Un riconoscimento diffuso e lo studio approfondito preludono alla composizione del volume collettivo su tutto il Bellocchio da I pugni in tasca (o, ancora prima, da Abbasso il zio) a Rapito e oltre fino all’ultimo cortometraggio del 2024 realizzato con gli allevi della scuola di Bobbio nell’ambito del corso di alta formazione cinematografica Bottega XNL – Fare Cinema.
Il curatore Roberto Lasagna ha messo assieme le migliori penne critiche nazionali per redigere 28 saggi monografici sui singoli film presentati cronologicamente (1965-2024), offrendo a corredo una lettura trasversale ed eterogenea sulle linee interpretative maggiormente convalidate del Bellocchio pubblico e privato, del Bellocchio televisivo e del Bellocchio documentarista.
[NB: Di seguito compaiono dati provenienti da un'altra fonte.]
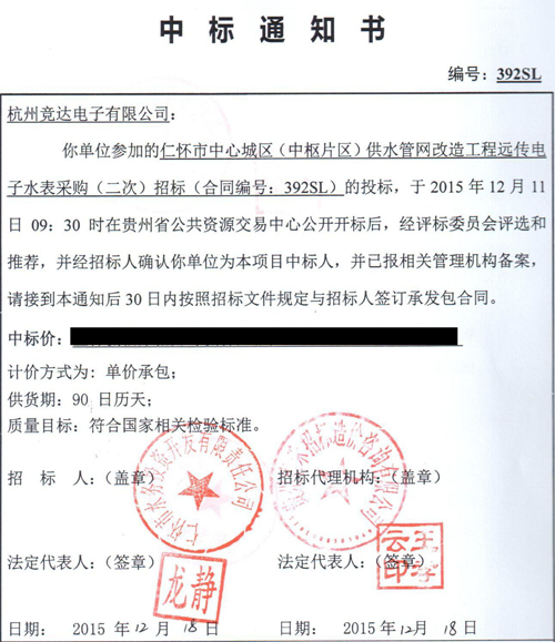 貴州仁懷地區(qū)采用招投標形式,競達公司中標。實施立式遠傳遠控水表改造。目前已使用8萬只以上。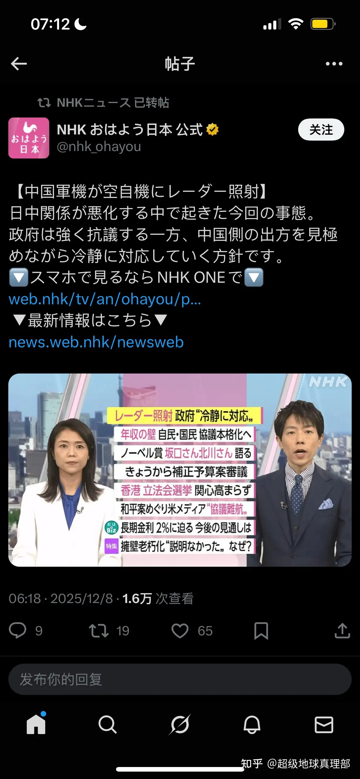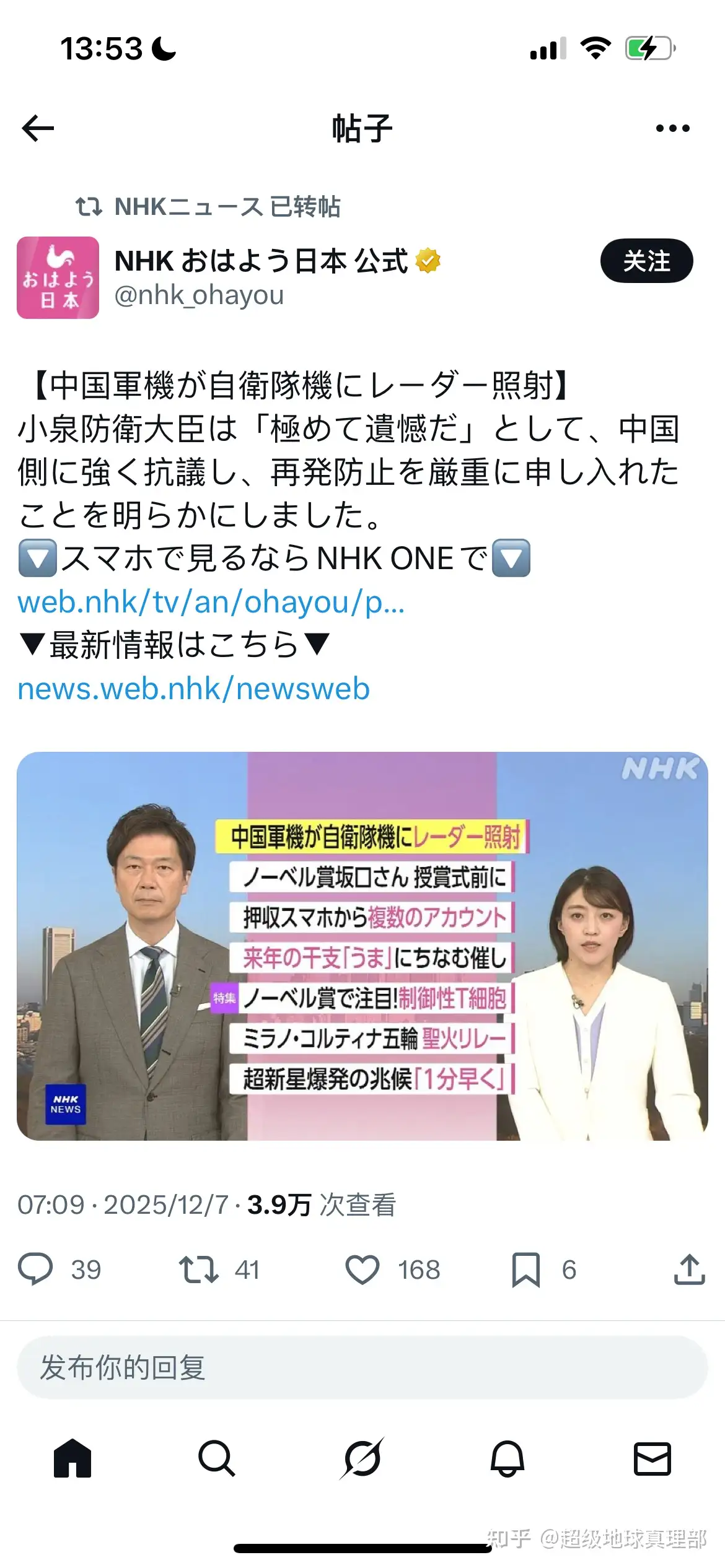 防卫省凌晨两点紧急开新闻发布会,小小泉大半夜爬起来向⏰抗议。今天早上JP所有的新闻(NHK,朝日,共同,产经,读卖……)头条全是这个,热度比当初旅行禁令和水产禁令还高。电视台还贴心地给小蜗们科普了一下什么叫"被雷达照射":相当于被人用上了膛的武器指着脑袋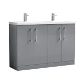 Nuie Arno 1200mm Satin Grey Floor Standing 4 Door Vanity Unit With Double Ceramic Basin

Edito da Il Foglio, nella collana La cineteca di Caino, 300 pagine, con un corpus fotografico finale di repertorio filmico per la gentile concessione del cineasta e la filmografia completa (pp. 267-270), Marco Bellocchio. Il pubblico e il privato serve, ma di sicuro non basta, a leggere il regista piacentino dalla A alla Z.
Reduce dal successo internazionale di Rapito e passato a Venezia con Se posso permettermi Capitolo II, il regista di Il principe di Homburg e Vincere è partito dall’autobiografismo familiare, durante la formazione al Centro Sperimentale di Cinematografia, per passare velocemente, nell’età della ribellione giovanile, alla critica al mondo borghese in ottica rivoluzionaria, o quantomeno di contestazione pre-sessantottina, alla psicologia clinica e alla fenomenologia del paranormale, a storie legate al contesto storico-politico nazionale e internazionale che lo porteranno presto a concludere, sulla scia intrapresa, il film su Enzo Tortora.
La tesi del volume è individuata nel perfetto bilanciamento tra istanze intime, personali assunte con l’obiettivo di assurgere a coscienza popolare contrapposte, ma non estranee, alle istanze del pubblico, del necessario collettivo, indagando fatti politici della storia nazionale di cui nessuna verità è svelata, nel Paese delle inchieste e dei maxi processi decennali, ma narrata da una prospettiva pluriprospettica, eterocentrica, multiforme. Perseguendo l’arte del disadattamento e del dare la parola alle categorie sociali che hanno meno voce in società, “L’opera del cineasta piacentino è un percorso di autocoscienza e laboratorio di ipotesi interpretative per lo spettatore a cui viene suggerito il compito di interrogarsi” (Il pubblico e il privato, p. 21) sui fatti della vita umana, siano essi pubblici o privati, pur sempre al centro dell’impegno intellettuale e della connotazione stilistica di Marco Bellocchio.